**WORKING DATA**:
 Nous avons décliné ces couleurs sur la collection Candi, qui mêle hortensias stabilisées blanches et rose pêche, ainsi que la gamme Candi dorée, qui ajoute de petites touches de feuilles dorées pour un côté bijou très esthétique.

--

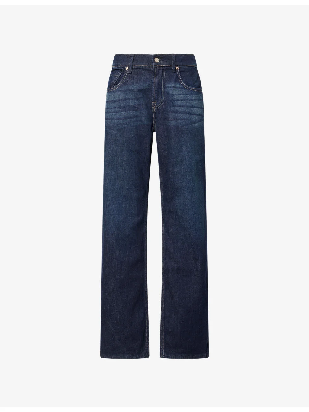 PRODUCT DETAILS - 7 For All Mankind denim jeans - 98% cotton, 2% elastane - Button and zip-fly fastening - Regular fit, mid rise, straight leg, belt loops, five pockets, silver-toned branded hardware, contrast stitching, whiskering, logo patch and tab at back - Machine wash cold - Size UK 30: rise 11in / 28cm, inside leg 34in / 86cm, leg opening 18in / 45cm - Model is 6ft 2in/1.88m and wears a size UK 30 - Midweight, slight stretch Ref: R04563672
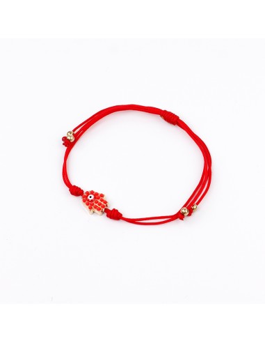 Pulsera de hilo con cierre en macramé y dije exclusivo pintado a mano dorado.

**WHAT THE TASK REQUIRES**: Set down again, exactly, every line above from the one with "PRODUCT DETAILS - 7" down to the one with "Pulsera de hilo", both ends included. No pictures, and nothing else.

**WRITTEN ANSWER**:
 PRODUCT DETAILS - 7 For All Mankind denim jeans - 98% cotton, 2% elastane - Button and zip-fly fastening - Regular fit, mid rise, straight leg, belt loops, five pockets, silver-toned branded hardware, contrast stitching, whiskering, logo patch and tab at back - Machine wash cold - Size UK 30: rise 11in / 28cm, inside leg 34in / 86cm, leg opening 18in / 45cm - Model is 6ft 2in/1.88m and wears a size UK 30 - Midweight, slight stretch Ref: R04563672
 Pulsera de hilo con cierre en macramé y dije exclusivo pintado a mano dorado.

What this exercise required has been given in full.